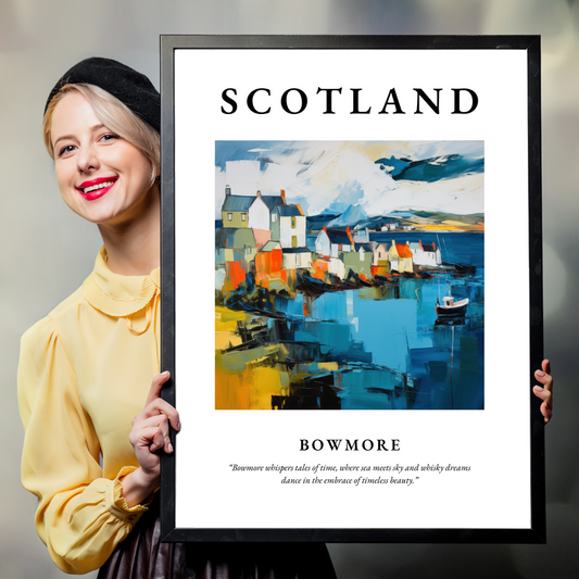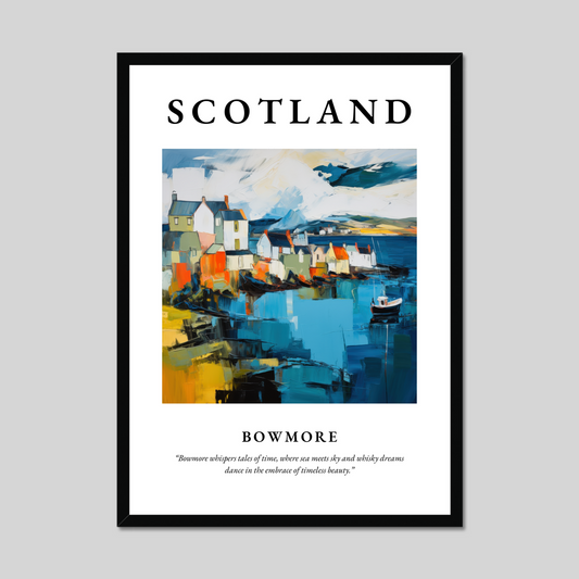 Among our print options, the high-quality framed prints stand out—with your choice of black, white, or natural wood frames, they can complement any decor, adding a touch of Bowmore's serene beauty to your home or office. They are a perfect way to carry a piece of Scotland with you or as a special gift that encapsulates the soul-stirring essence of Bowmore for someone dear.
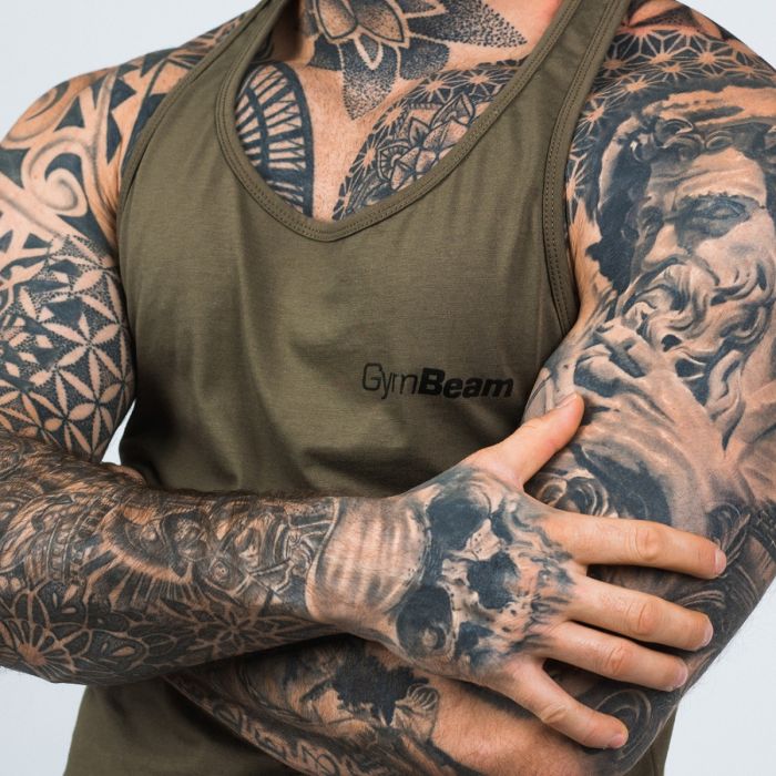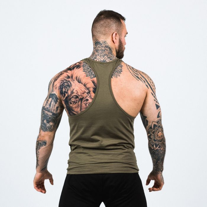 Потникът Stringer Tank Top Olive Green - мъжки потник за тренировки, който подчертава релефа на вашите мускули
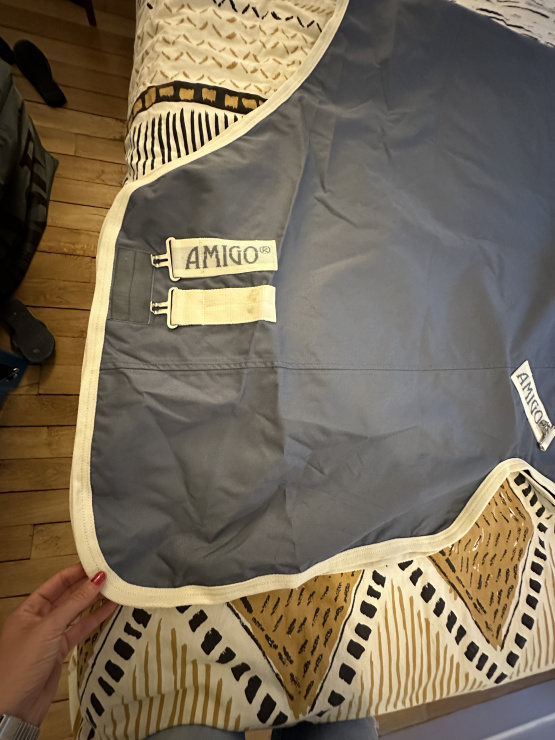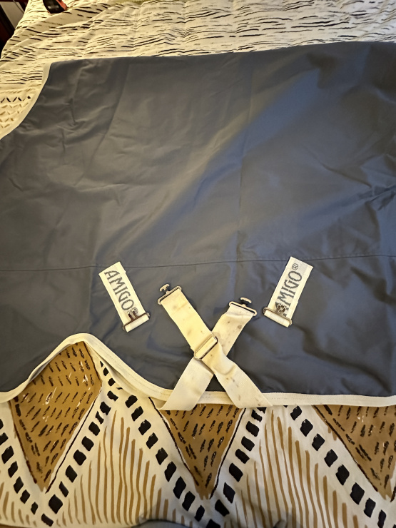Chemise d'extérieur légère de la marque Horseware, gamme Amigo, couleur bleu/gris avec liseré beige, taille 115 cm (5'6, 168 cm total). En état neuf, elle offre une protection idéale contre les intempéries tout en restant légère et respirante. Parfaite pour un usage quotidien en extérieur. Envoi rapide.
==
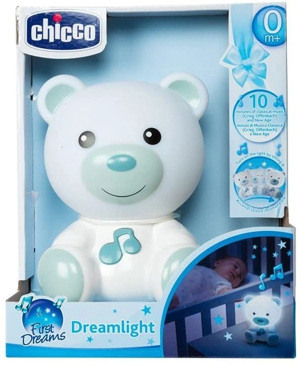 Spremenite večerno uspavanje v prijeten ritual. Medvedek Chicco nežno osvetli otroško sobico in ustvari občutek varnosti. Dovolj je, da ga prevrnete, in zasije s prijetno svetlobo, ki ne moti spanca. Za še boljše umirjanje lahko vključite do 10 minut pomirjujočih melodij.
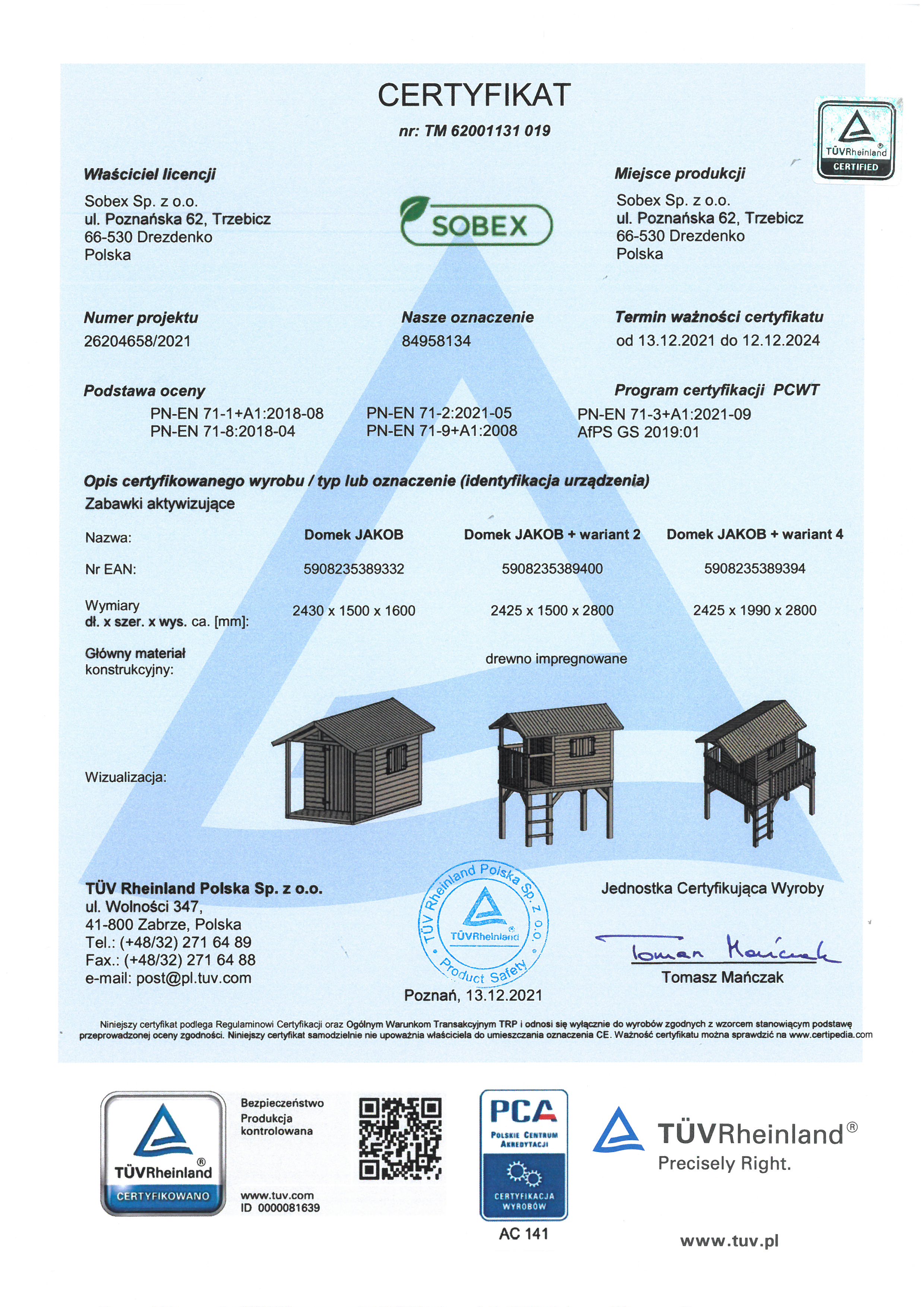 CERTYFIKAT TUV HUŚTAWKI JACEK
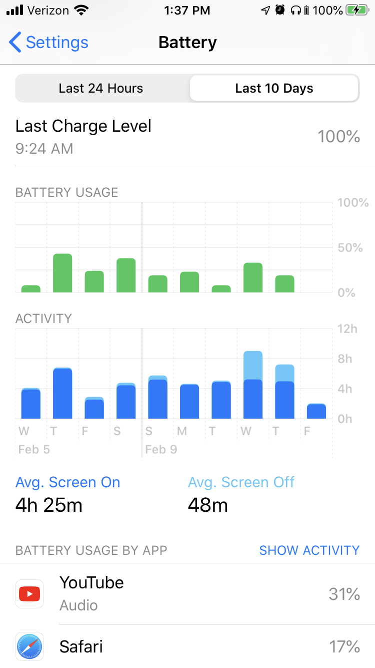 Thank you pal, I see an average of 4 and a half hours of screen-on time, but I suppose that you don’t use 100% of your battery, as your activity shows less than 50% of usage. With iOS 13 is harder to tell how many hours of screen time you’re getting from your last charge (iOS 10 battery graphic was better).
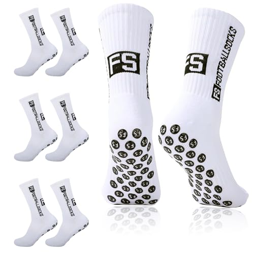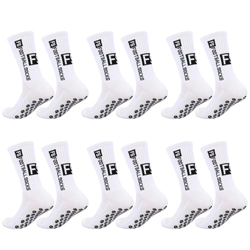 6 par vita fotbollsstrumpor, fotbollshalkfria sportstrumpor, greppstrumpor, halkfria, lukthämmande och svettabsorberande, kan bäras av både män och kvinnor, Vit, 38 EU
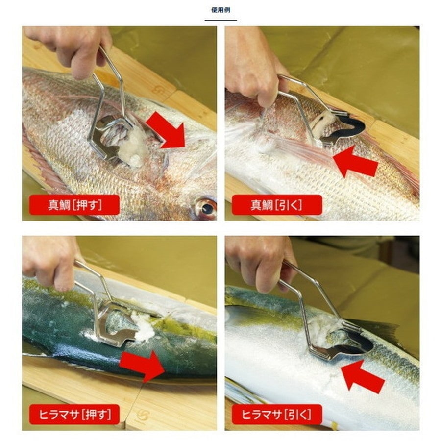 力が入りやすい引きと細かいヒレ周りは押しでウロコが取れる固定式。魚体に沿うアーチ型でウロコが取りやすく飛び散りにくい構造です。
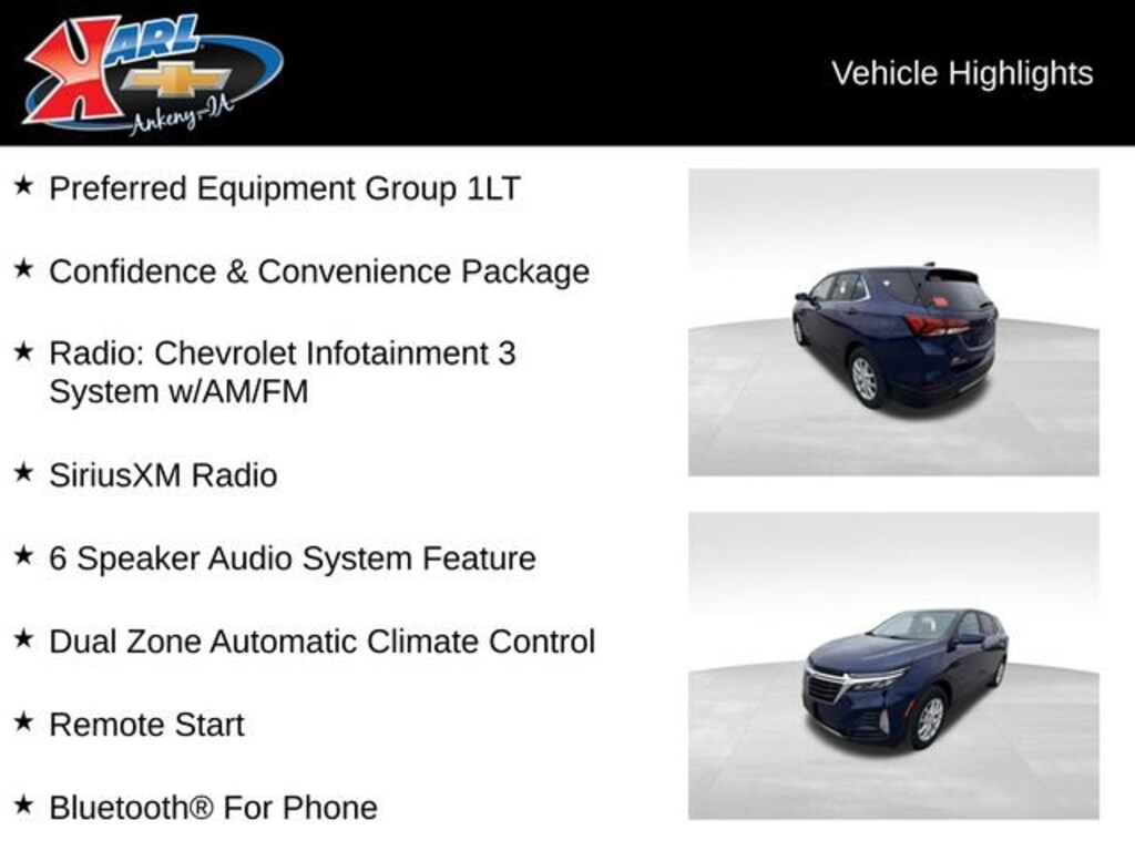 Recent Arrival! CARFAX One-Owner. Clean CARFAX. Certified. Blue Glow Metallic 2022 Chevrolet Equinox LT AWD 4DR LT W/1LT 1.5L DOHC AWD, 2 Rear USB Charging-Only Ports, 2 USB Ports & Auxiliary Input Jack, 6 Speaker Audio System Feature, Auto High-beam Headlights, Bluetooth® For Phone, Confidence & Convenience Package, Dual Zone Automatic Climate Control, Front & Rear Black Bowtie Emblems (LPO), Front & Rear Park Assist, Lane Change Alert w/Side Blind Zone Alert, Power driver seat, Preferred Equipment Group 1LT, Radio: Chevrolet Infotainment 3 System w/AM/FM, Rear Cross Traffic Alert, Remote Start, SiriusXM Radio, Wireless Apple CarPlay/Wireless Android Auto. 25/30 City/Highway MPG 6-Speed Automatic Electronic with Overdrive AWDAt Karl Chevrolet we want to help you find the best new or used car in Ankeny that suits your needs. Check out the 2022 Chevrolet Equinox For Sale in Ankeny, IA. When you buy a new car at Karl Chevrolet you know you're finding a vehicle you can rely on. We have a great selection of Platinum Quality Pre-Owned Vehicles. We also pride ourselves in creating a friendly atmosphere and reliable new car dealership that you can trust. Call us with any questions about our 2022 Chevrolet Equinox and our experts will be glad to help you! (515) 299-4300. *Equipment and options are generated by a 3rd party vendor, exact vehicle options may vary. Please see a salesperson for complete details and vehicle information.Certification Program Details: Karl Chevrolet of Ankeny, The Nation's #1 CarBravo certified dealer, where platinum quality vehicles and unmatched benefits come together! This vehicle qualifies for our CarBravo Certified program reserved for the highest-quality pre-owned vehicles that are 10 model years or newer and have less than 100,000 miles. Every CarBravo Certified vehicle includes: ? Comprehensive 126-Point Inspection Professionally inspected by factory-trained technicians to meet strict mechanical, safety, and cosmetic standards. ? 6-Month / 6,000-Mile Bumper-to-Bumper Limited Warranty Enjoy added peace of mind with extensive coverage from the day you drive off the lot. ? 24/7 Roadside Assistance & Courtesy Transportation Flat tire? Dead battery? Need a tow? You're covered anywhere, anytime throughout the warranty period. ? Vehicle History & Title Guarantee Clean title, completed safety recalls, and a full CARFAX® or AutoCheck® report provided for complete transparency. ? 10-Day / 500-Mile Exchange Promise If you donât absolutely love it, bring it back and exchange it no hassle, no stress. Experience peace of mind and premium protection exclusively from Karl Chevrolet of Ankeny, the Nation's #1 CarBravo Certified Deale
==
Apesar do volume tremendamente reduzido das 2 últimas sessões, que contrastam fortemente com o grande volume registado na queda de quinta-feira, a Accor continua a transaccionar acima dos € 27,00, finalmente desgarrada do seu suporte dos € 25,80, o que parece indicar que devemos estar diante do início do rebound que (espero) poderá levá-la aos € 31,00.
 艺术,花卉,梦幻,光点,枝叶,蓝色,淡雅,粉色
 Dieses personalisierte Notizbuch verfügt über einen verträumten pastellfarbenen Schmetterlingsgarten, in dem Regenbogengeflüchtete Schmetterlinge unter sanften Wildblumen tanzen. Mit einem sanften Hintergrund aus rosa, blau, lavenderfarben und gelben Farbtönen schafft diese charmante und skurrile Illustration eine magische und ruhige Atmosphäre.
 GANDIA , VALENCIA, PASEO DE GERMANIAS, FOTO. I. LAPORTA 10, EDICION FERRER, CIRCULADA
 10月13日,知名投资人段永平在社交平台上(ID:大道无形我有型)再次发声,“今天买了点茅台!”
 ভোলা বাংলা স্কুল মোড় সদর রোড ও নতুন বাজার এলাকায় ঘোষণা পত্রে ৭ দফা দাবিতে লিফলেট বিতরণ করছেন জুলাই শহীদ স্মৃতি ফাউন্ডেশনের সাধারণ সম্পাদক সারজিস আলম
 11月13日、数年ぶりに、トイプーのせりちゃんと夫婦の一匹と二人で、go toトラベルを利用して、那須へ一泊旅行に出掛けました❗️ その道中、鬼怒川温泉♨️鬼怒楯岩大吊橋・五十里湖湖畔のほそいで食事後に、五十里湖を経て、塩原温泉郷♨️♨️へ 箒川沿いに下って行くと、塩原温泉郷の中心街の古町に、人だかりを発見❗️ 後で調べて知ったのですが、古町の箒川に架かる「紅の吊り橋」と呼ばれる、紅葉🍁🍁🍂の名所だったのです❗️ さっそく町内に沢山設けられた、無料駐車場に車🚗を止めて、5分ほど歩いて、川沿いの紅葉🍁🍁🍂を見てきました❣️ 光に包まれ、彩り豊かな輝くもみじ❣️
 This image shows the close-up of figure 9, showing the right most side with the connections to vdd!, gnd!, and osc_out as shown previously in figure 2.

**TASK INSTRUCTIONS**
Your answer should be the lines above from the one containing "Dieses personalisierte Notizbuch" through the one containing "GANDIA , VALENCIA, PASEO", copied exactly and with both ends kept.

**REPLY**
 Dieses personalisierte Notizbuch verfügt über einen verträumten pastellfarbenen Schmetterlingsgarten, in dem Regenbogengeflüchtete Schmetterlinge unter sanften Wildblumen tanzen. Mit einem sanften Hintergrund aus rosa, blau, lavenderfarben und gelben Farbtönen schafft diese charmante und skurrile Illustration eine magische und ruhige Atmosphäre.
 GANDIA , VALENCIA, PASEO DE GERMANIAS, FOTO. I. LAPORTA 10, EDICION FERRER, CIRCULADA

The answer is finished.